| TRY IT |
For the records below, output word for word the lines from the one with "TargetInvestigasi.co.id, Minsel –" up to and including the one with "موتور مجهز به". No pictures.

▼

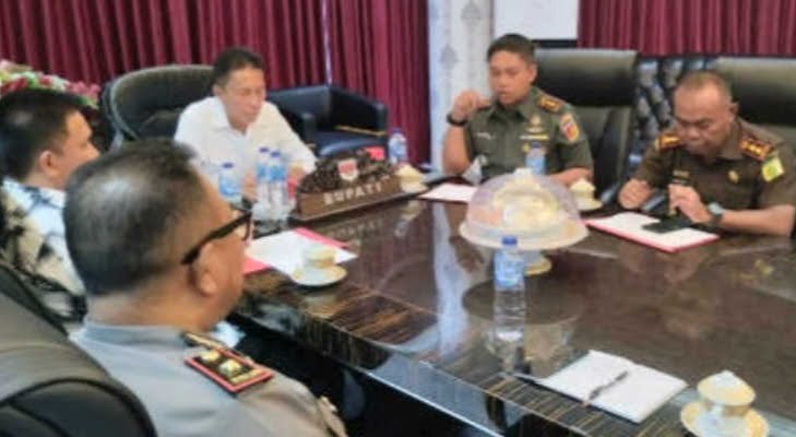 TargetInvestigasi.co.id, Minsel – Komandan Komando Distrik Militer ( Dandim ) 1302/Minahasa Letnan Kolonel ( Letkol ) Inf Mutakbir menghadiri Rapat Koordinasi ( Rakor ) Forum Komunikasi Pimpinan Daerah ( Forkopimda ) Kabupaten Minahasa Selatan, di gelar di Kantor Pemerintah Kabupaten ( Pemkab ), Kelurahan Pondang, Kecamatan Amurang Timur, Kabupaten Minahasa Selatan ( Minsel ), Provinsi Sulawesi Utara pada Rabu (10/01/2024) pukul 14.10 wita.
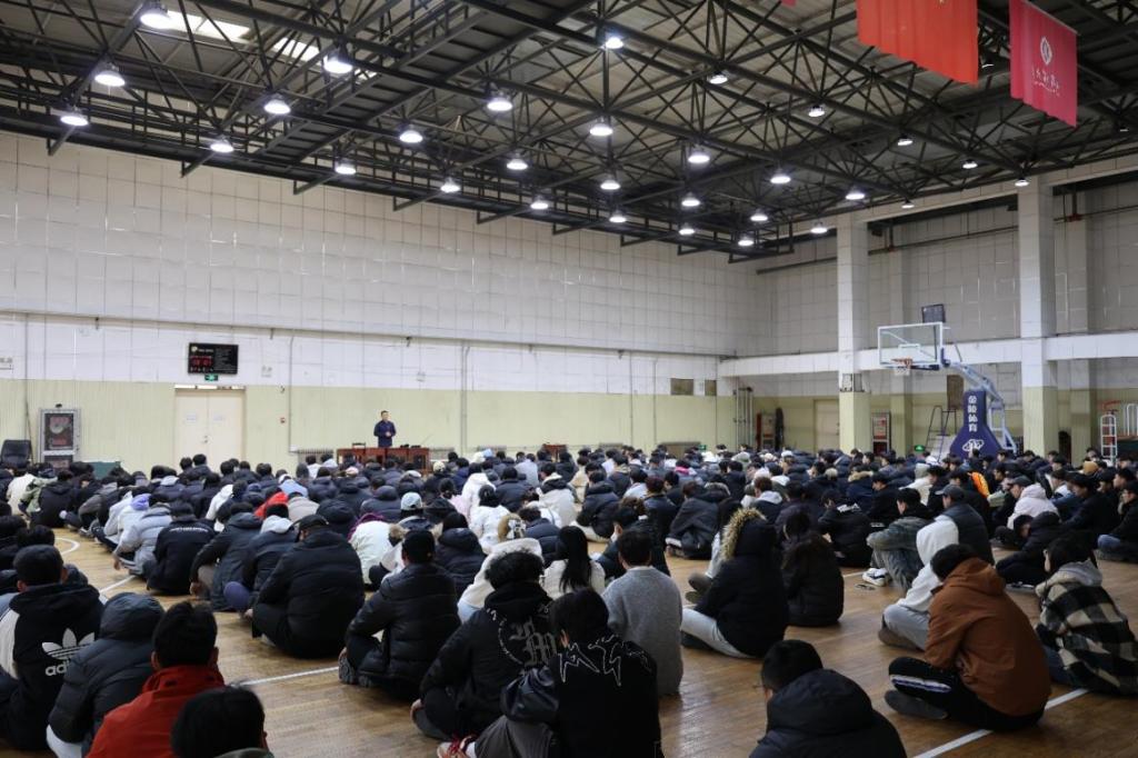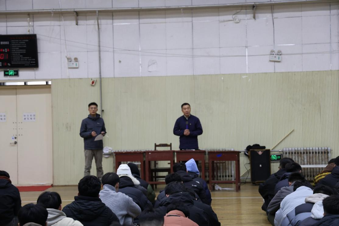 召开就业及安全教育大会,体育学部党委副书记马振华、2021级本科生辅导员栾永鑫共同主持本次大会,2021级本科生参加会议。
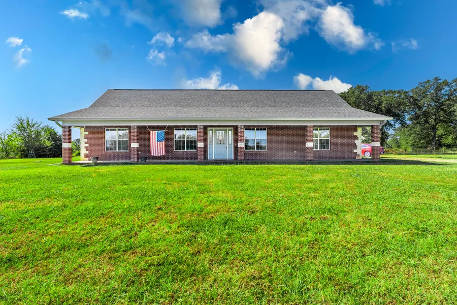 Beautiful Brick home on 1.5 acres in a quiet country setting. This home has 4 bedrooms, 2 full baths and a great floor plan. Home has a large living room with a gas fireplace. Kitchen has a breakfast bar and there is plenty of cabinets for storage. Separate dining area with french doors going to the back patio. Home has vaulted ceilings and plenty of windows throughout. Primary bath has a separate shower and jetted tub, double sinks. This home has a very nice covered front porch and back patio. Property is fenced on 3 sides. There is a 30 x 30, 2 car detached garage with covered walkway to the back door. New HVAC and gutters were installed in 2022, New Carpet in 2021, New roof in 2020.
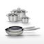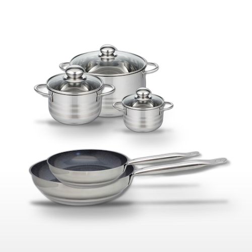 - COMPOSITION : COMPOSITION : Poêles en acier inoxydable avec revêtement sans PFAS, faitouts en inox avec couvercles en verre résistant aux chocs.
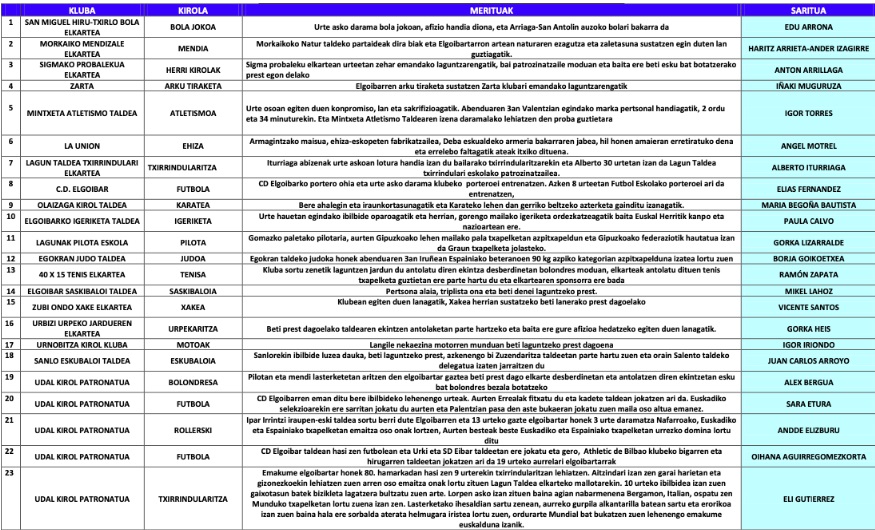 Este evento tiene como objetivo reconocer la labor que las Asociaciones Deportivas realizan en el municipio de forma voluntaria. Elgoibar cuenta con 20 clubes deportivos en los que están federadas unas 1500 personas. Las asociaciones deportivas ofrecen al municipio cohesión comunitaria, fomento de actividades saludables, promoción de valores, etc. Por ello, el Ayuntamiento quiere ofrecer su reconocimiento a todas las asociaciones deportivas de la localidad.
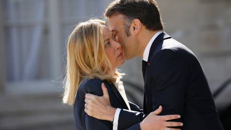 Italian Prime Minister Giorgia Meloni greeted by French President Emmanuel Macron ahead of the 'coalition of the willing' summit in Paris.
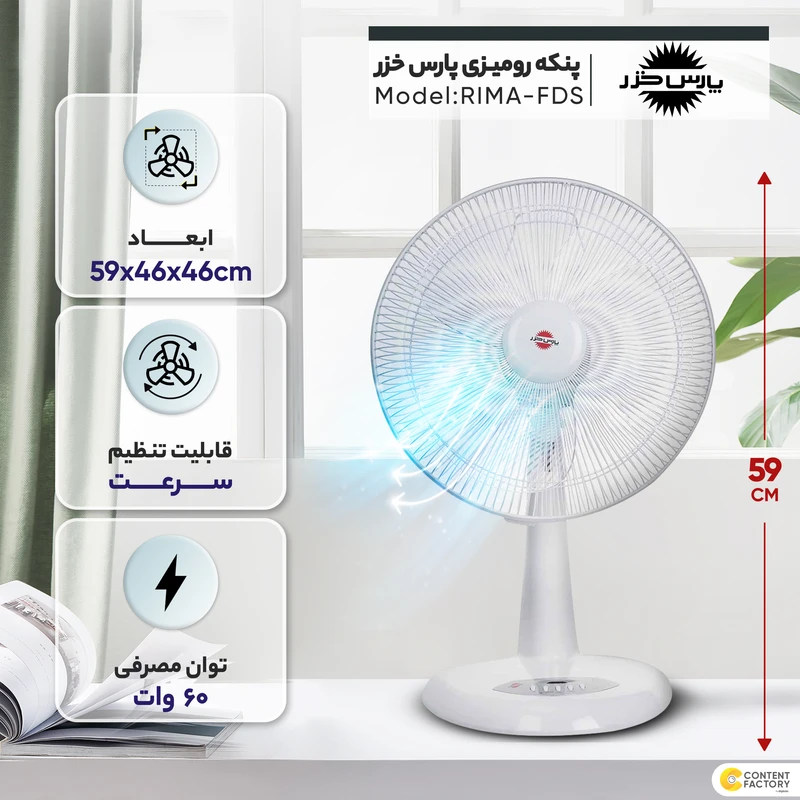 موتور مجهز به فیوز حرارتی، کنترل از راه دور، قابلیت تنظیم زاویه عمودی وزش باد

▲
▼

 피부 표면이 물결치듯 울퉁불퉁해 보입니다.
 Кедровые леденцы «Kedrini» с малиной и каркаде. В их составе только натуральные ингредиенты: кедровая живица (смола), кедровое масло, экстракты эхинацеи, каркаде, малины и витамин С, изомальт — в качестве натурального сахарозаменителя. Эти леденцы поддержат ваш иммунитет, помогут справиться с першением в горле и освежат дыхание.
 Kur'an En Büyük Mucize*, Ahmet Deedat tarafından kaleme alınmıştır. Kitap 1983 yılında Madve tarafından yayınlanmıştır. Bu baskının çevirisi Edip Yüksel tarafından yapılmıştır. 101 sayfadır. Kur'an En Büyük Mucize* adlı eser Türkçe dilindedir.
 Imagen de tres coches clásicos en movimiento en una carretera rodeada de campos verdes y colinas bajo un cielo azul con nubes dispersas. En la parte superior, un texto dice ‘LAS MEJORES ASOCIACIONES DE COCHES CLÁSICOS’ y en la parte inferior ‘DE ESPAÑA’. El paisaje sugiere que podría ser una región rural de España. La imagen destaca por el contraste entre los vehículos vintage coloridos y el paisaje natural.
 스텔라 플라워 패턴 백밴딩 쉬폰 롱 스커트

▲

| TASK RESPONSE |
 TargetInvestigasi.co.id, Minsel – Komandan Komando Distrik Militer ( Dandim ) 1302/Minahasa Letnan Kolonel ( Letkol ) Inf Mutakbir menghadiri Rapat Koordinasi ( Rakor ) Forum Komunikasi Pimpinan Daerah ( Forkopimda ) Kabupaten Minahasa Selatan, di gelar di Kantor Pemerintah Kabupaten ( Pemkab ), Kelurahan Pondang, Kecamatan Amurang Timur, Kabupaten Minahasa Selatan ( Minsel ), Provinsi Sulawesi Utara pada Rabu (10/01/2024) pukul 14.10 wita.
 召开就业及安全教育大会,体育学部党委副书记马振华、2021级本科生辅导员栾永鑫共同主持本次大会,2021级本科生参加会议。
 Beautiful Brick home on 1.5 acres in a quiet country setting. This home has 4 bedrooms, 2 full baths and a great floor plan. Home has a large living room with a gas fireplace. Kitchen has a breakfast bar and there is plenty of cabinets for storage. Separate dining area with french doors going to the back patio. Home has vaulted ceilings and plenty of windows throughout. Primary bath has a separate shower and jetted tub, double sinks. This home has a very nice covered front porch and back patio. Property is fenced on 3 sides. There is a 30 x 30, 2 car detached garage with covered walkway to the back door. New HVAC and gutters were installed in 2022, New Carpet in 2021, New roof in 2020.
 - COMPOSITION : COMPOSITION : Poêles en acier inoxydable avec revêtement sans PFAS, faitouts en inox avec couvercles en verre résistant aux chocs.
 Este evento tiene como objetivo reconocer la labor que las Asociaciones Deportivas realizan en el municipio de forma voluntaria. Elgoibar cuenta con 20 clubes deportivos en los que están federadas unas 1500 personas. Las asociaciones deportivas ofrecen al municipio cohesión comunitaria, fomento de actividades saludables, promoción de valores, etc. Por ello, el Ayuntamiento quiere ofrecer su reconocimiento a todas las asociaciones deportivas de la localidad.
 Italian Prime Minister Giorgia Meloni greeted by French President Emmanuel Macron ahead of the 'coalition of the willing' summit in Paris.
 موتور مجهز به فیوز حرارتی، کنترل از راه دور، قابلیت تنظیم زاویه عمودی وزش باد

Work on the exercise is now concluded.